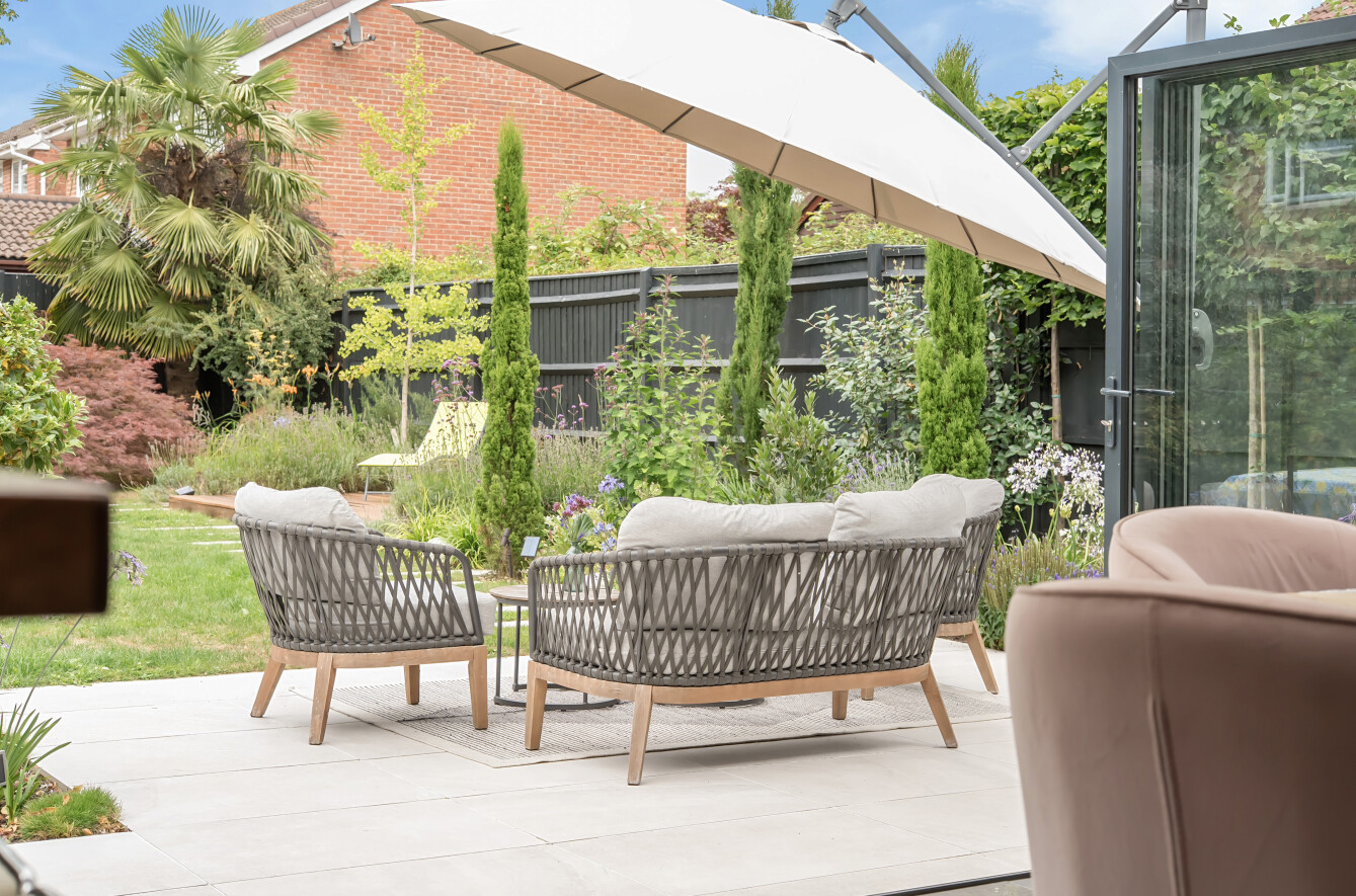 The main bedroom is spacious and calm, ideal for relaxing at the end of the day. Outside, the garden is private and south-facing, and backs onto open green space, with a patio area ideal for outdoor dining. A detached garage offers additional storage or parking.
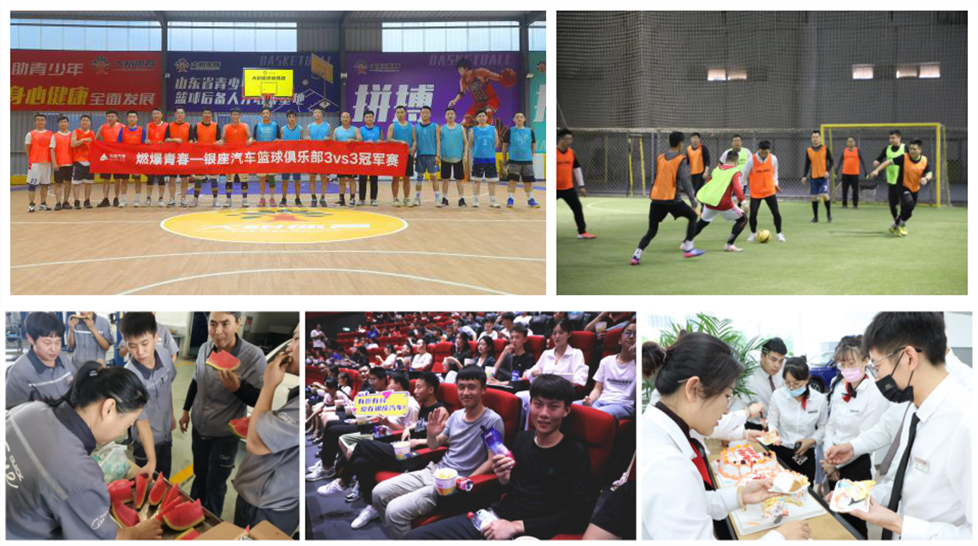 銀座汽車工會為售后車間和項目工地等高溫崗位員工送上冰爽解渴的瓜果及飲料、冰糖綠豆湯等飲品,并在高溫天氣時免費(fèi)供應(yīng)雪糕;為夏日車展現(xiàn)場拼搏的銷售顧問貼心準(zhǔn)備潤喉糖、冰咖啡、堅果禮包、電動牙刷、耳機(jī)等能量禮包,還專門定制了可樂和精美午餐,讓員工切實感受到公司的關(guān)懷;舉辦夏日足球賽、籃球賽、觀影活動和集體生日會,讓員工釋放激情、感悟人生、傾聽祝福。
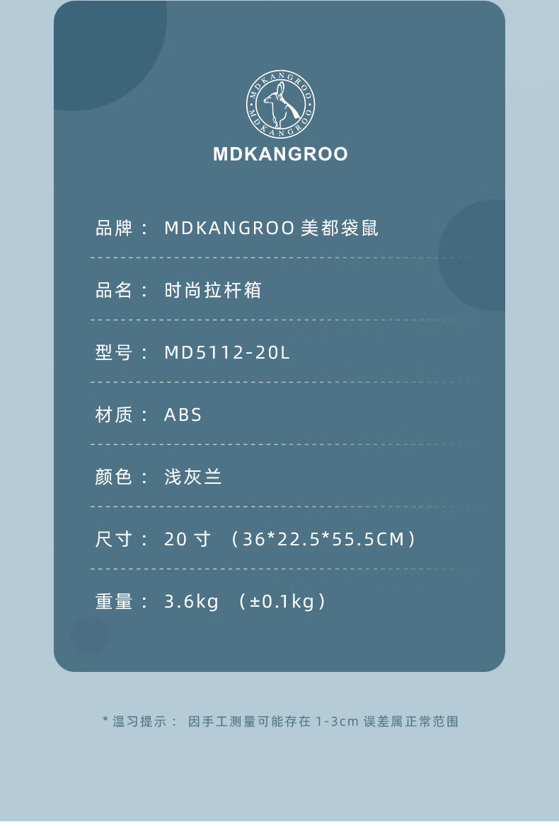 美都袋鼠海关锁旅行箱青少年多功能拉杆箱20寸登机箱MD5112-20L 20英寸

§ **What you will do**
Would you reproduce the listing above in full and exactly, without its pictures?

§ **Answer section**
 The main bedroom is spacious and calm, ideal for relaxing at the end of the day. Outside, the garden is private and south-facing, and backs onto open green space, with a patio area ideal for outdoor dining. A detached garage offers additional storage or parking.
 銀座汽車工會為售后車間和項目工地等高溫崗位員工送上冰爽解渴的瓜果及飲料、冰糖綠豆湯等飲品,并在高溫天氣時免費(fèi)供應(yīng)雪糕;為夏日車展現(xiàn)場拼搏的銷售顧問貼心準(zhǔn)備潤喉糖、冰咖啡、堅果禮包、電動牙刷、耳機(jī)等能量禮包,還專門定制了可樂和精美午餐,讓員工切實感受到公司的關(guān)懷;舉辦夏日足球賽、籃球賽、觀影活動和集體生日會,讓員工釋放激情、感悟人生、傾聽祝福。
 美都袋鼠海关锁旅行箱青少年多功能拉杆箱20寸登机箱MD5112-20L 20英寸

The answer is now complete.